На это старшая Яга искренне удивилась:
— О как! И правда сама не хочешь?
— Не хочу!
— Ладно, идите в баню, а я тут посижу, подумаю.
Вопреки опасениям молодёжи, банька оказалась уютненькой, чистенькой, натоплена была жарко, а дверь парной открывалась в небольшую искусственную заводь с ледяной речной водой, куда они с радостным визгом прыгали. Визжала, правда, большей частью именно мавка.
Попарились в три захода, после чего завернулись в огромные махровые полотенца (где глазастая мавка усмотрела на бирках вездесущее ныне «Made in Chaina») и посидели на завалинке возле бани, давая себе немного остыть и в таком виде пошли в избу, ибо услужливые домовые утащили все шмотки на постирать.
А в избе их уже ждал свежий самовар со сбитнем, толстая стопка блинов, а к блинам — мясо всякое, рыба, икорка, грибочки солёные и прочая снедь.
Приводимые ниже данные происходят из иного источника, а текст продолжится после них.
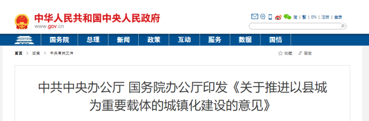 中共中央办公厅 国务院办公厅印发《关于推进以县城为重要载体的城镇化建设的意见》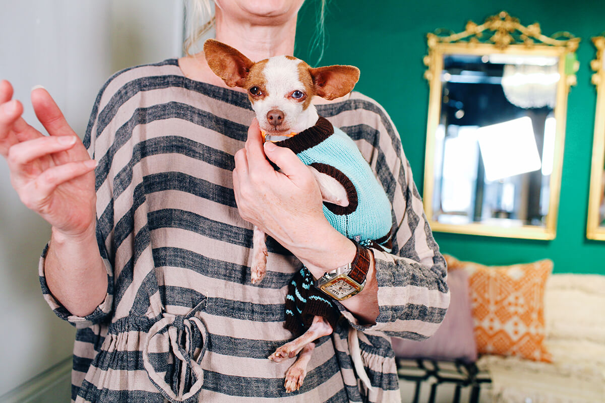 I had so much fun turning this into the fantasy studio apartment of my dreams. My mom and my sister provided their expert help and styling advice, we had way too much fun. I also should thank Megan (my mom’s latest rescue chihuahua pictured above), who never missed a day of work for the duration of this project. Now that it’s finished I wish I could move in! I love how the green walls turned out. I want to paint my living room the same color now. I love the black and white sofa against it! Thank you so much to Scout, Flann, and Miguel for this opportunity, it was a dream come true.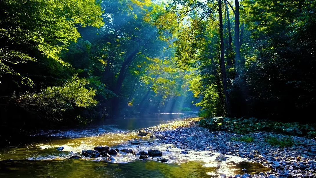 阳光洒落在森林间,潺潺溪水缓缓流淌着,
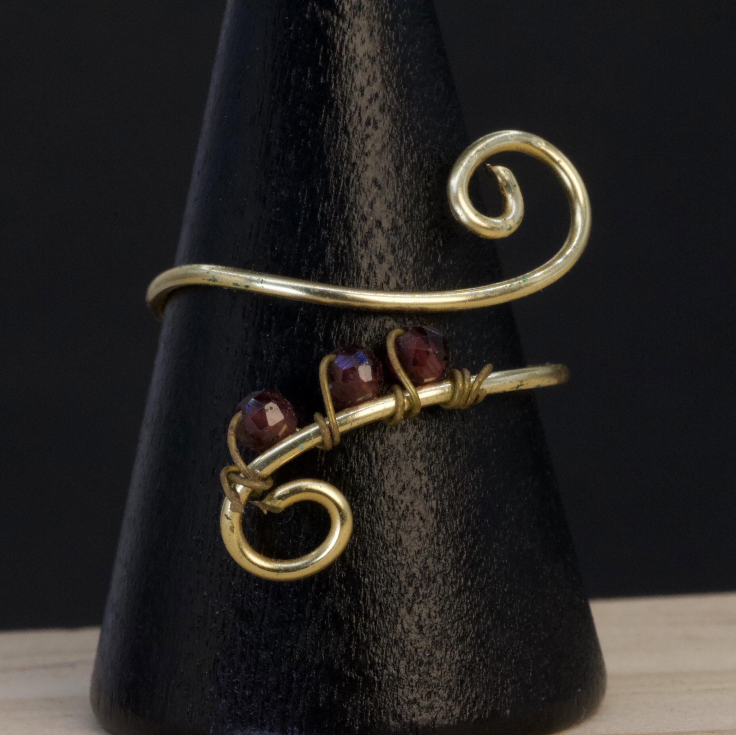 Questo anello nasce da un filo di rame color oro modellato in una spirale verticale che corre lungo il dito. Sulla fascia frontale si allineano tre granati naturali, piccole sfere sfaccettate dal rosso profondo, fissate con micro-avvolgimenti che ne seguono la curva.
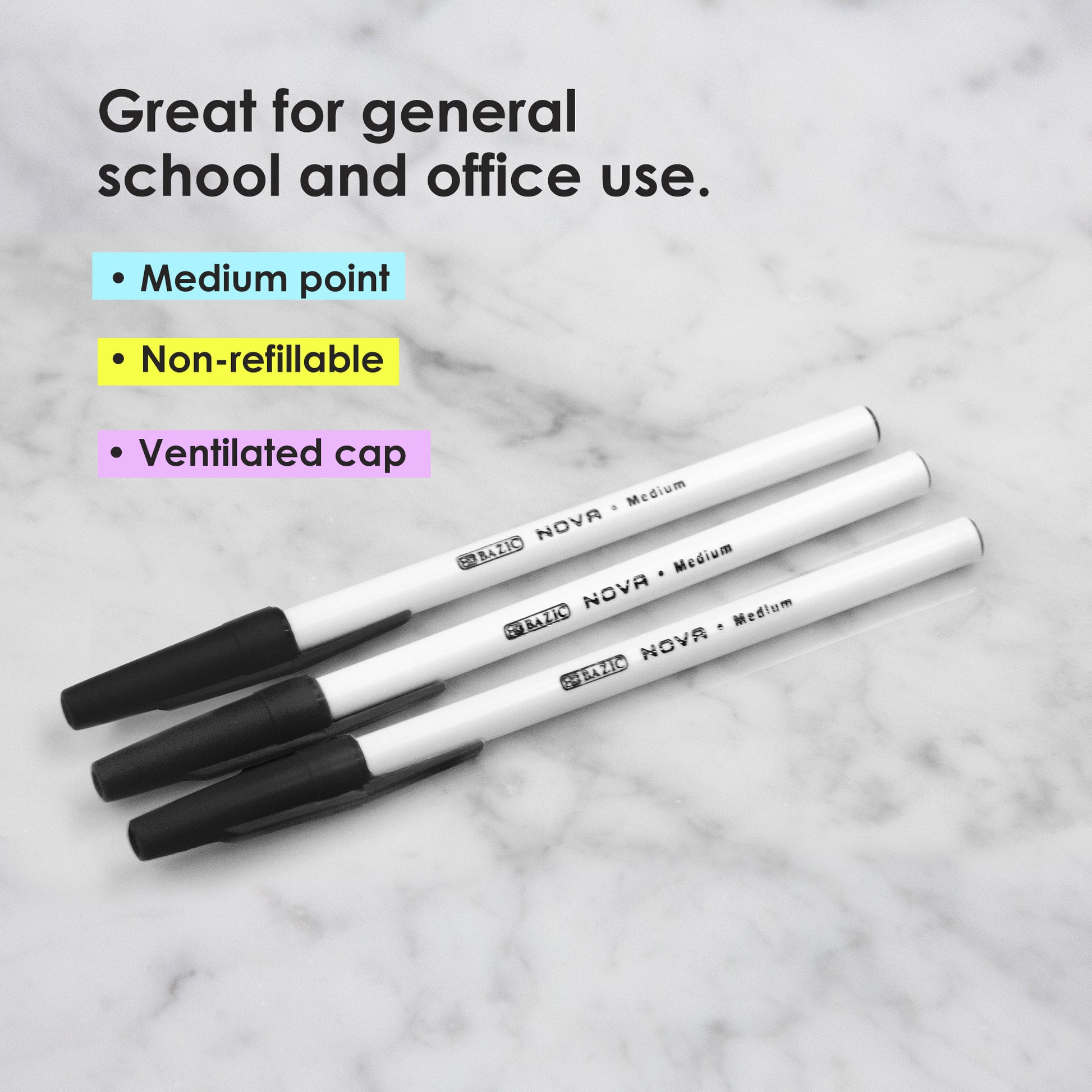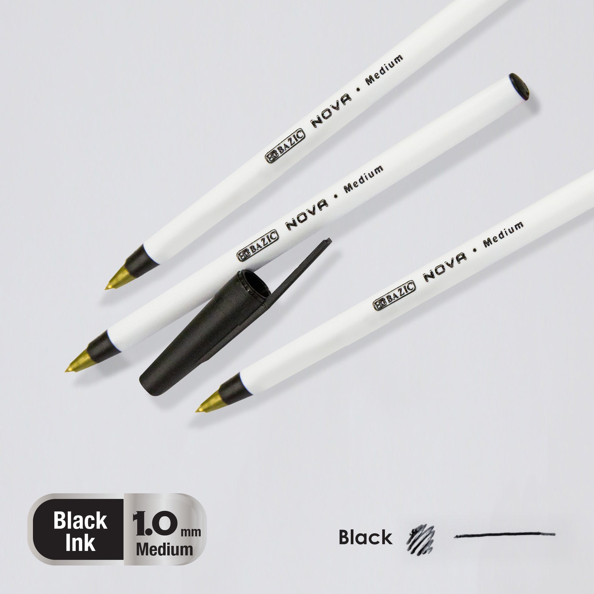 - NOVA BLACK COLOR STICK PEN. Each pack includes 12-Nova Black Stick Pens. The medium ball point spreads ink evenly as you write, offering dependable performance for everyday use.
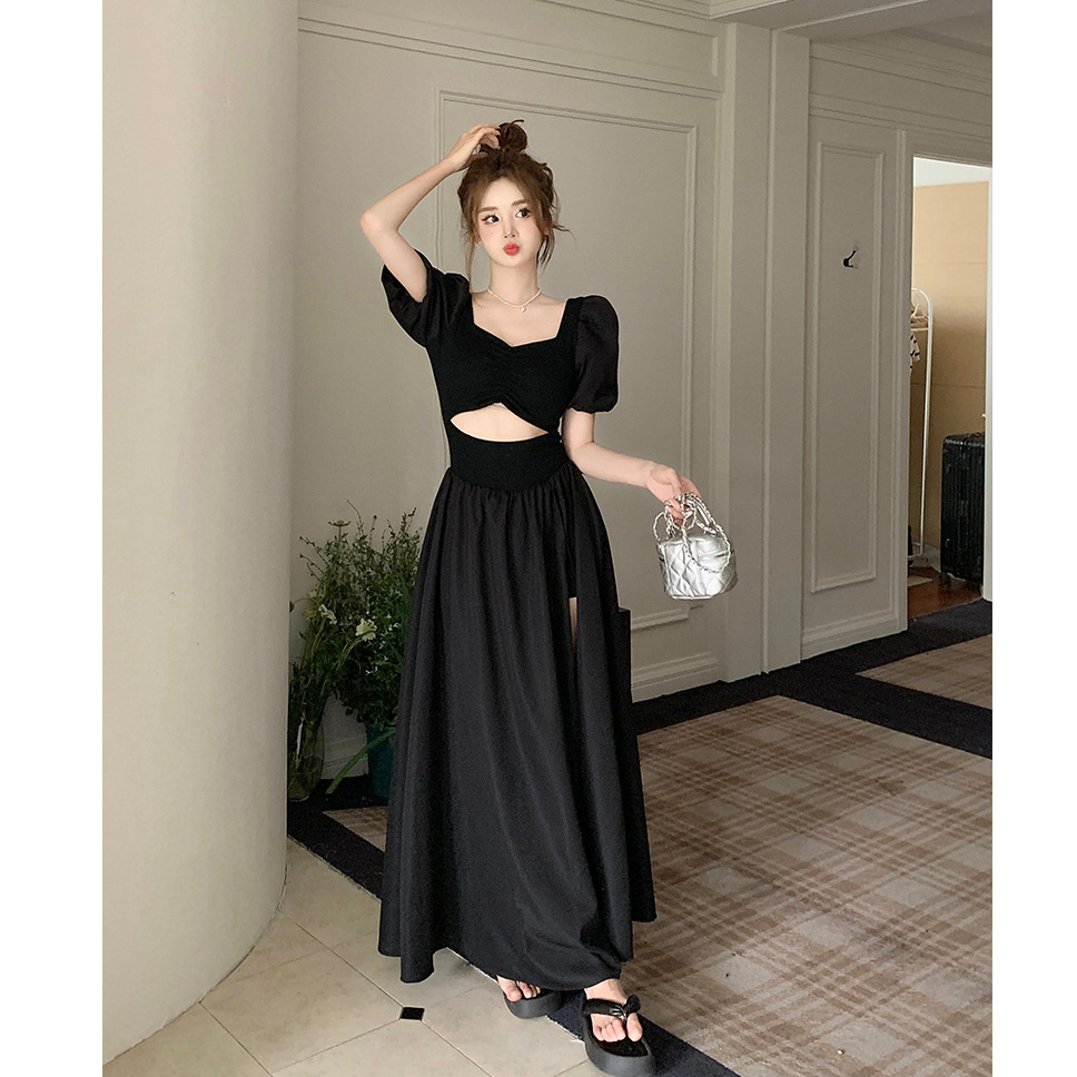 大码胖MM气质性感法式小黑裙女夏收腰显瘦连衣裙泡泡袖长裙子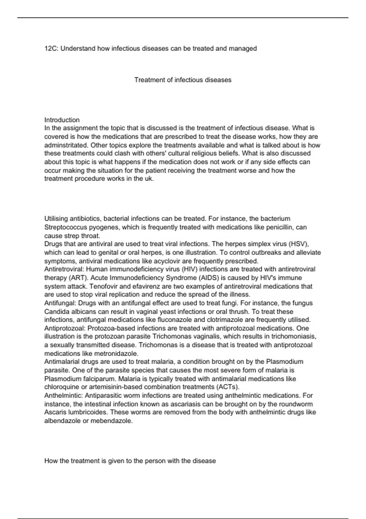 In the assignment the topic that is discussed is the treatment of infectious disease. What is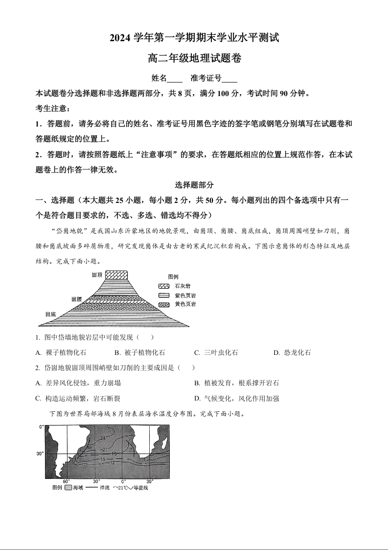 浙江省杭州市八县市2024-2025学年高二上学期期末学业水平测试地理+答案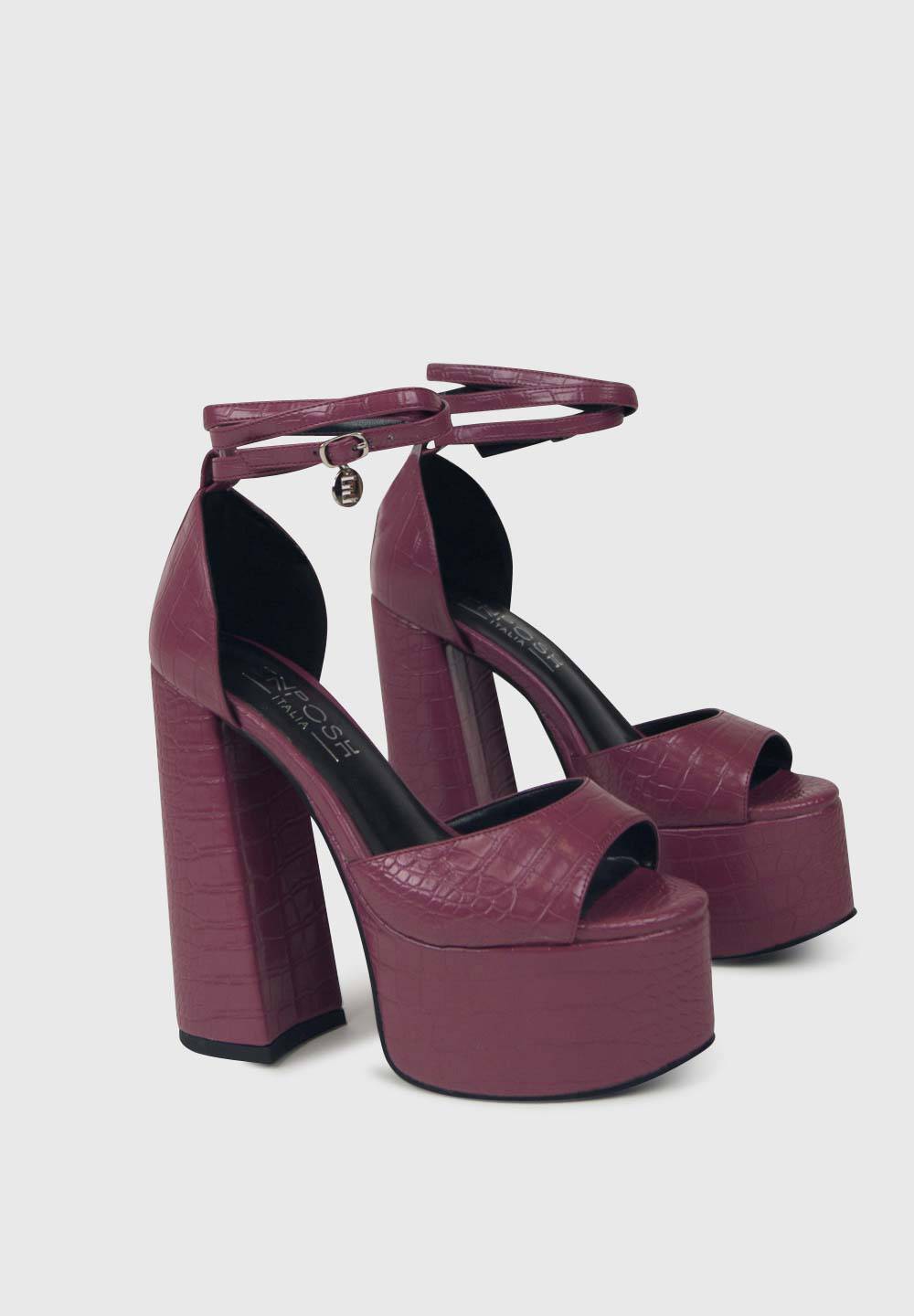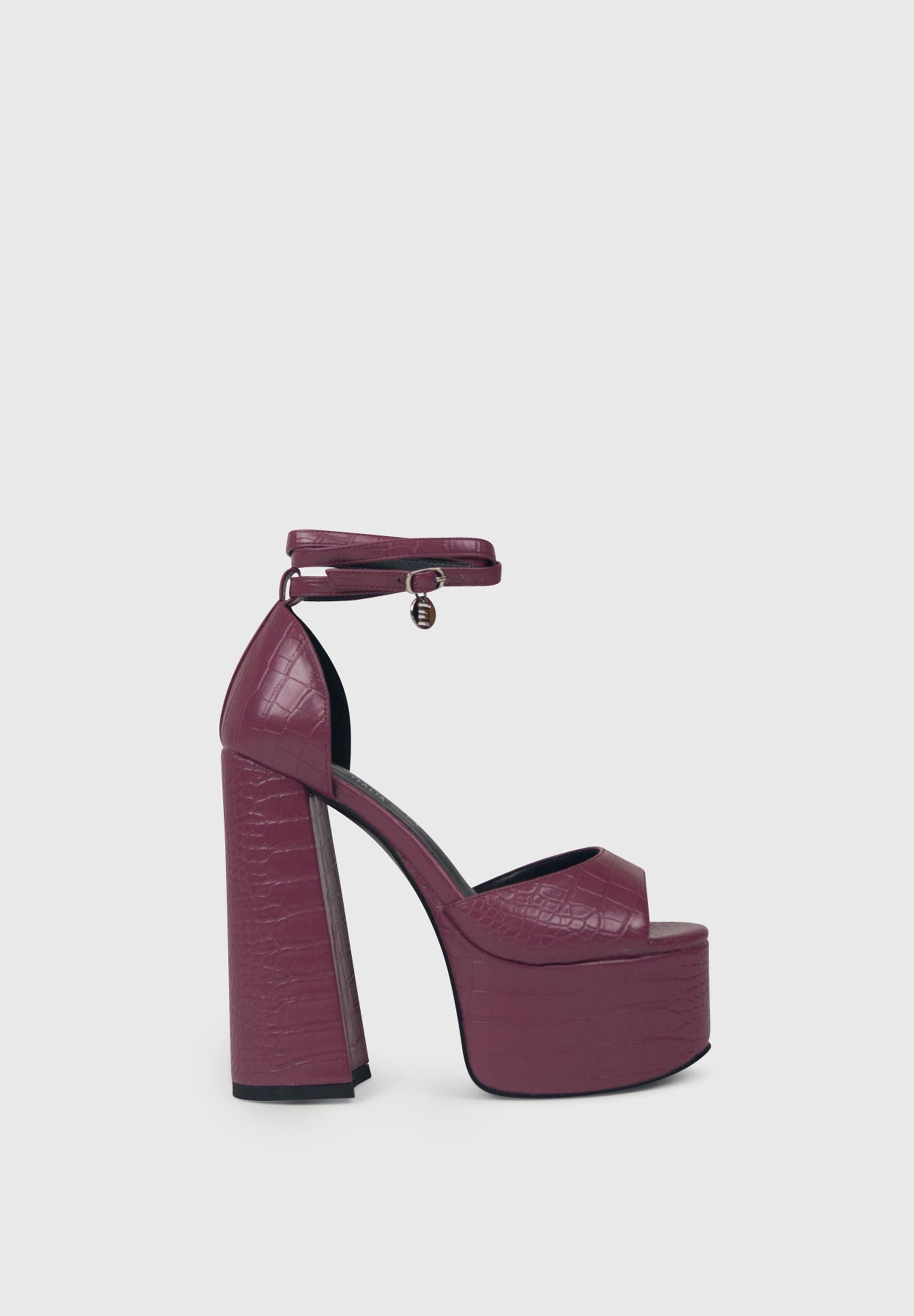 NATY Mauve Croc - Sandales hautes plateforme à lacets cheville

Так за едой Яга и начала их выспрашивать: что и куда их гонит, какие земли прошли, что там повидали. Услышав про контрорден и его метку сказала:
— Да, прошелестели тут по лесам на эту тему. Я как-то в эти разборки не лезу, но, похоже, дело серьёзное. Покажи ка мне, красавица их знак посвящения…
Ильмера подняла левую руку открытой ладонью к Яге и представила тот знак, который был в ауре посвящённых контрордена.
— Что-то где-то видела… — наморщила лоб старшая Яга, после чего ушла вглубь избы, туда где стояли стеллажи с многочисленными книгами, свитками, мотками каких-то верёвок и начала всё это перебирать.
Вернулась где-то через пол часа, держа в руках глиняную доску, испещрённую клинописью.